Change 1007312 merged by jenkins-bot:

[mediawiki/extensions/Translate@master] DatabaseMessageIndex: reduce lock wait time from 30 to 5 seconds

https://gerrit.wikimedia.org/r/1007312

Change 1007316 merged by jenkins-bot:

[mediawiki/extensions/Translate@master] MessageIndex: improve rebuilding

https://gerrit.wikimedia.org/r/1007316

Nikerabbit set the point value for this task to 4.Mar 4 2024, 1:01 PM

For future reference, debug log entries are visible on mwlog1002.eqiad.wmnet, but not in Logstash. Useful dashboard to check is https://grafana.wikimedia.org/d/CbmStnlGk/jobqueue-job?orgId=1&var-dc=eqiad%20prometheus%2Fk8s&var-job=MessageIndexRebuildJob

All my changes so far should address the issue of "Failed to load translation aids".

The first case of Special:Translate not recognizing the group should be impossible, given the act of marking the page for translation updates message groups during the POST request.

Change rOPUP1009488beabd had a related patch set uploaded (by Nikerabbit; author: Nikerabbit):

[mediawiki/extensions/Translate@master] TranslateSpecialPage: Add debug logging for T320220

https://gerrit.wikimedia.org/r/1009488

Change rOPUP1009488beabd merged by jenkins-bot:

[mediawiki/extensions/Translate@master] TranslateSpecialPage: Add debug logging for T320220

https://gerrit.wikimedia.org/r/1009488

Change #1016351 had a related patch set uploaded (by Nikerabbit; author: Nikerabbit):

[mediawiki/extensions/Translate@master] Remove touchKey from MessageGroupWANCache

https://gerrit.wikimedia.org/r/1016351

Change #1016351 merged by jenkins-bot:

[mediawiki/extensions/Translate@master] Remove touchKey from MessageGroupWANCache

https://gerrit.wikimedia.org/r/1016351

Change #1016718 had a related patch set uploaded (by Nikerabbit; author: Nikerabbit):

[mediawiki/extensions/Translate@master] Special:Translate: reduce false positives in debug logging

https://gerrit.wikimedia.org/r/1016718

I haven’t meet this issue for several weeks (probably MW 1.42.0-wmf.21), whereas it consistently failed from November. Thank you for the work! 🙂

Change #1016718 merged by jenkins-bot:

[mediawiki/extensions/Translate@master] Special:Translate: reduce false positives in debug logging

https://gerrit.wikimedia.org/r/1016718

Considering resolved for now. In case this still appears in the future, we have some more logging now.

I'm getting this again in Tech News, as of ~10 minutes ago.

image.png (849×1 px, 122 KB)

But after 10 minutes of poking, it self-resolved.

Page marked for translation: 2024-04-19T03:21:22 Quiddity (WMF) talk contribs marked Tech/News/2024/17 for translation (UTC+3)

Unfortunately debug logs start at 2024-04-19 02:49:38.836336 (UTC+0) making them useless.
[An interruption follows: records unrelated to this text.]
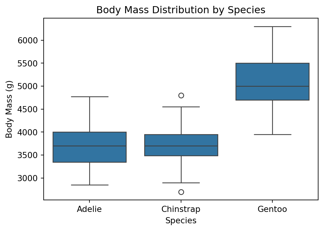 # 종별 체중 분포 박스플롯plt.figure(figsize=(6,4))sns.boxplot(data=df, x="species", y="body_mass_g")plt.title("Body Mass Distribution by Species")plt.xlabel("Species")plt.ylabel("Body Mass (g)")plt.show()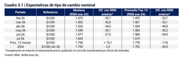 Los datos surgen del Relevamiento de Expectativas del Mercado (REM) de enero, difundido por el Banco Central (BCRA), realizado entre el 28 y el 30 de enero y abarcó las proyecciones de 45 participantes, entre 33 consultoras y centros de investigación locales e internacionales y 12 entidades financieras.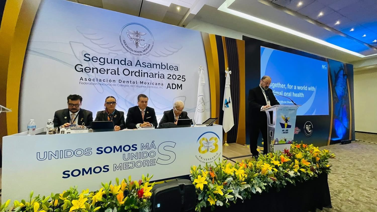 En esta ocasión tuvimos el honor de la Presencia del Presidente de la FDI World Dental Federation Dr. Nikolai Sharkov y de los Presidentes de los Colegios Filiales ADM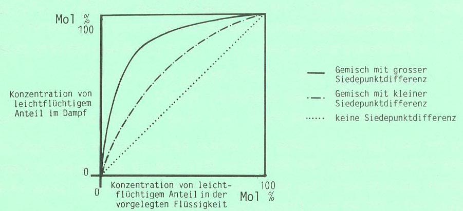 Je weiter die Siedetemperatur bzw. Dampfdrücke der zu trennenden Komponenten auseinander liegen, umso größer ist die Anreicherung von niedersiedendem Anteil im Dampf, d. h. umso besser lässt sich ein solches Gemisch mittels Destillation trennen.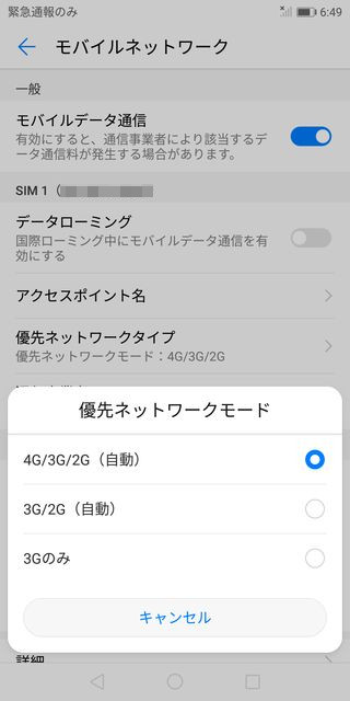 優先ネットワークタイプを3Gにしてみた。(3Gの通信には元々対応していないので、無駄だとは思ったが念のため)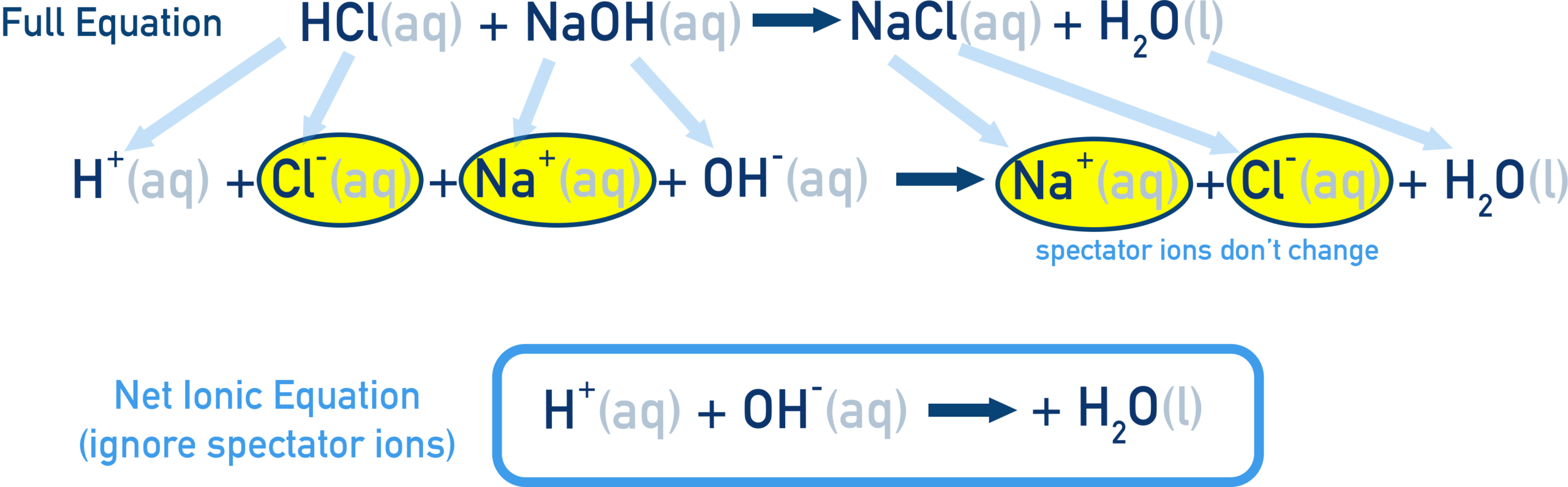 - Write full ionic form (split aqueous ionic compounds into ions).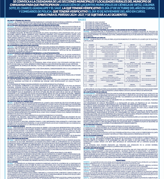 El Gobierno Municipal de Chihuahua, a través de la Dirección de Desarrollo Rural, ha emitido la convocatoria para la elección de las Juntas Municipales y Comisarías...

Logstash only shows level info or above. Relevant request id is ad31c7f1-a9f2-4e43-ad4d-7fc906448e9b

There is "Inconsistent revision ID" warnings from ParserCache.

Update command finishes Apr 19, 2024 @ 00:21:23.717 after starting at Apr 19, 2024 @ 00:21:22.466.

There are also multiple log entries from the ttmserver like rebuild command completed on eqiad for Translations:wikiLearn/Courses/course-v1:Wikimedia-Foundation+wmf commdev partnerships cg+2022/en/block-v1:Wikimedia-Foundation+wmf commdev partnerships cg+2022+type@problem+block@a10501fa16a6447d9011be599417e2a4/problem.multiplechoiceresponse.choicegroup.choice. for the same request id. Why weren't these processed earlier? According to the page history the page hasn't had edits for over a year: https://meta.wikimedia.org/w/index.php?title=WikiLearn/Courses/course-v1:Wikimedia-Foundation%2Bwmf_commdev_partnerships_cg%2B2022/en/block-v1:Wikimedia-Foundation%2Bwmf_commdev_partnerships_cg%2B2022%2Btype@problem%2Bblock@a10501fa16a6447d9011be599417e2a4&action=history

Also noticed that we apparently process deletes for ttmserver for things that are not in translation namespaces, like files and wikidata IDs.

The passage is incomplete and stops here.